Whatever lies between the line with "Лицевая сторона - крестообразная" and the end of the data, both included, must be copied exactly and without pictures.
--- EXERCISE DATA ---
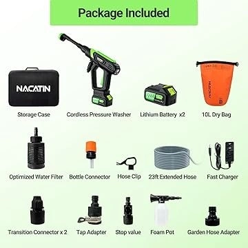 1000PSI Cordless Pressure Washer, 21V 4.0Ah 2 * Battery-Powered Brushless Motor Power Washer with 6-in-1 Nozzle, 9 Gear Pressure, Tap Adapter for Car Washing, Patio, Fence, Driveway, Outdoor Cleaning.
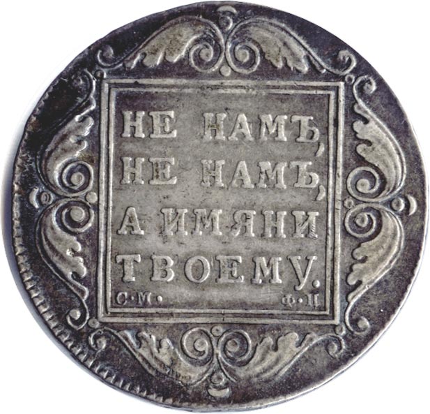Лицевая сторона - крестообразная монограмма из четырех П и I в центре, надпись «МОНЕТА ЦЕНА РУБЛЬ» и дата, оборотная - надпись «НЕ НАМ, НЕ НАМ, А ИМЯНИ ТВОЕМУ» в картуше. Проба — 868, нормативный вес — 20,73 грамма, гурт — надпись «восемдесятъ третеи съ одною третью пробы».
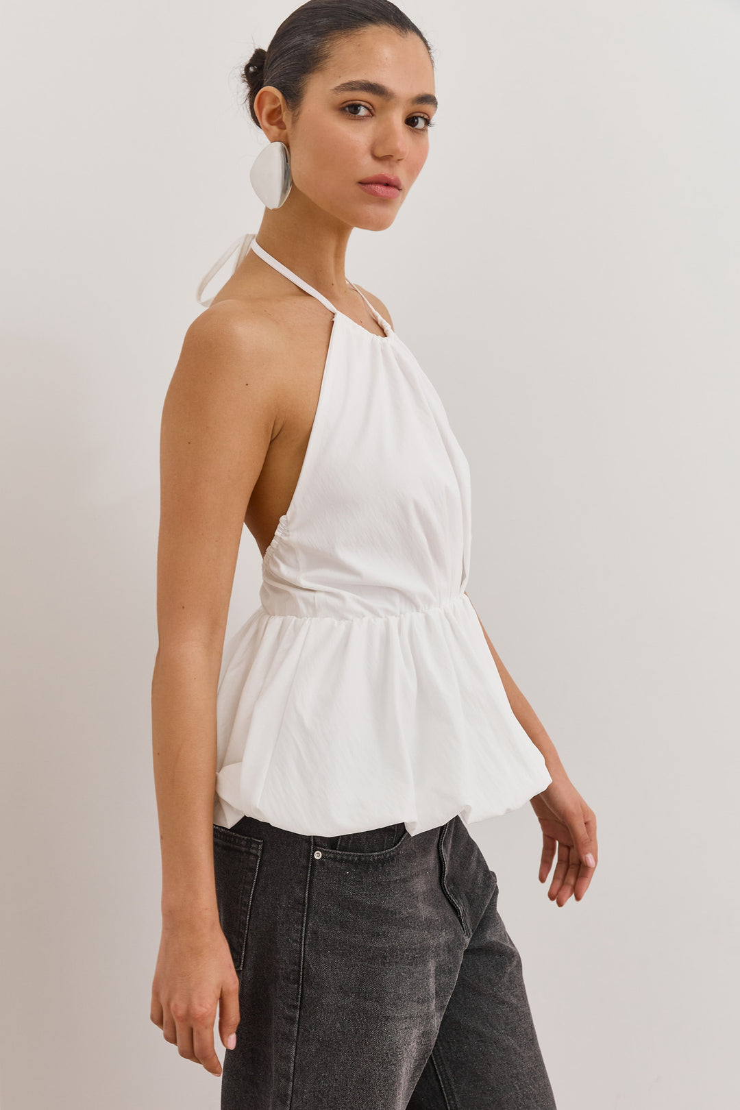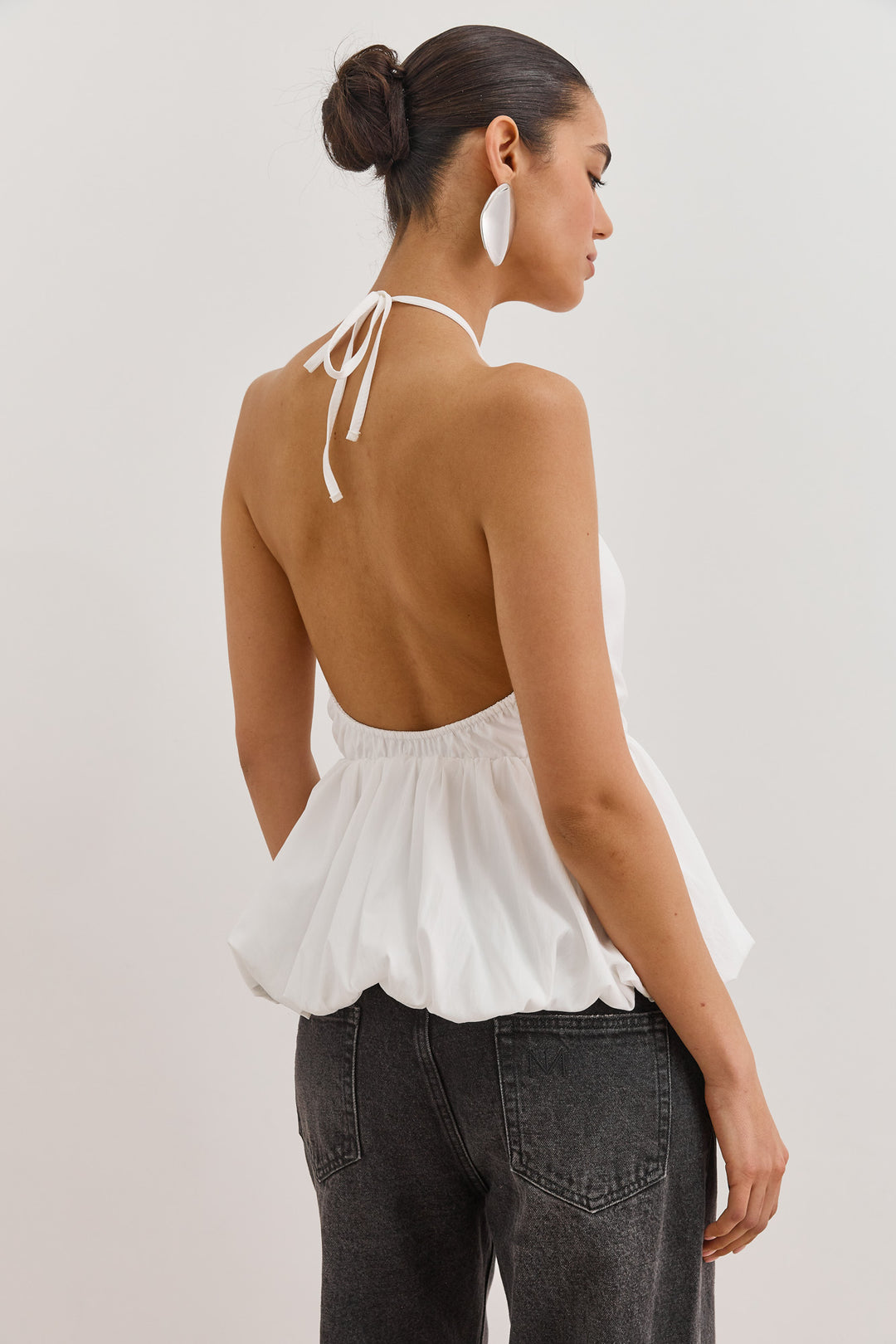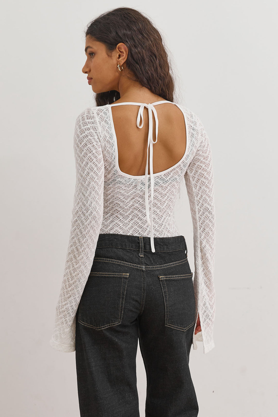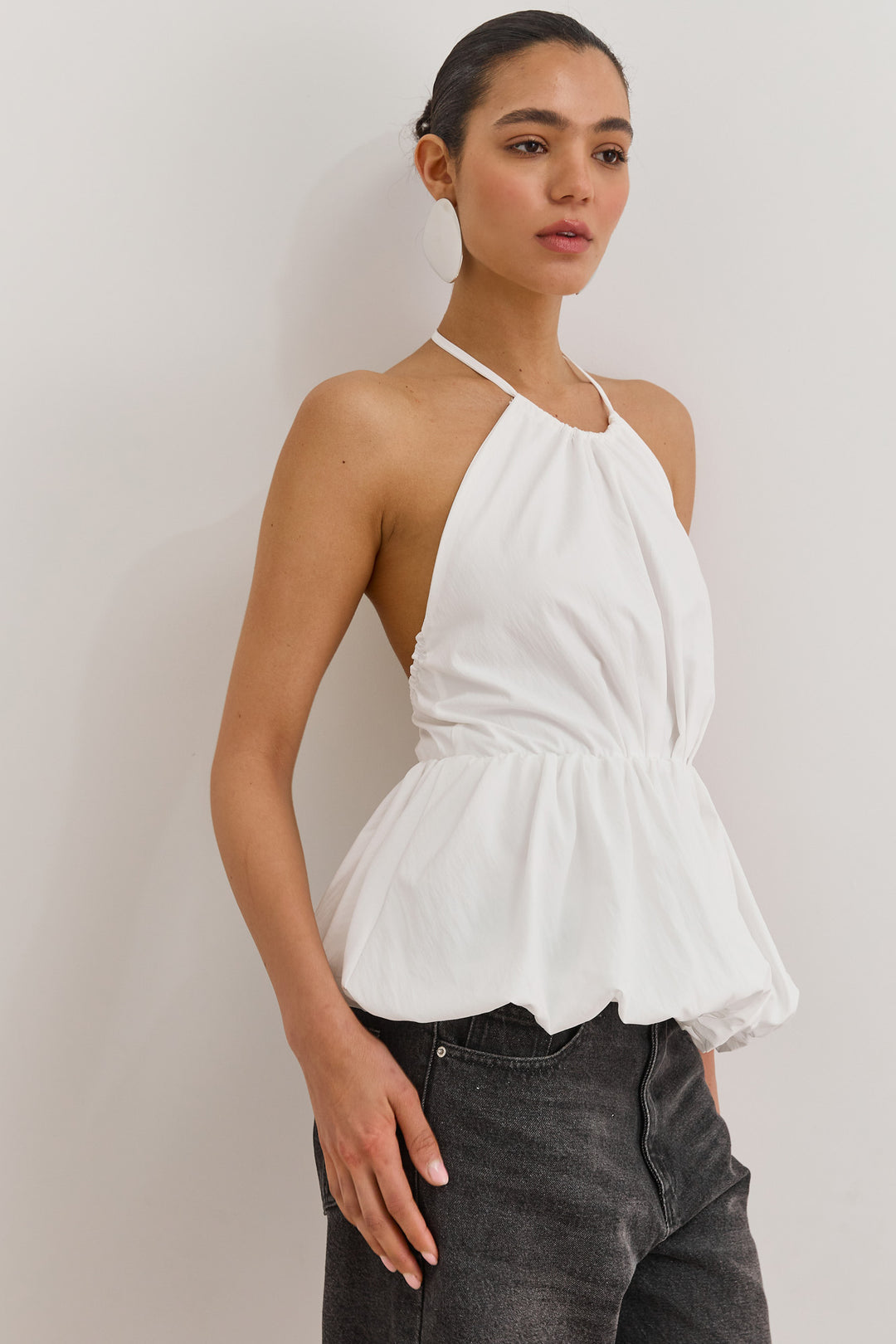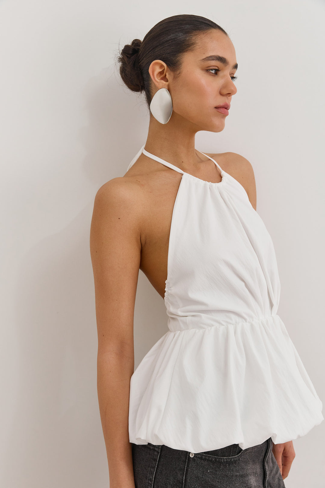 חולצת נסטיה מחוררת פתח בגב | לבן
---
→ **RESULT OF THIS EXERCISE**
Лицевая сторона - крестообразная монограмма из четырех П и I в центре, надпись «МОНЕТА ЦЕНА РУБЛЬ» и дата, оборотная - надпись «НЕ НАМ, НЕ НАМ, А ИМЯНИ ТВОЕМУ» в картуше. Проба — 868, нормативный вес — 20,73 грамма, гурт — надпись «восемдесятъ третеи съ одною третью пробы».
 חולצת נסטיה מחוררת פתח בגב | לבן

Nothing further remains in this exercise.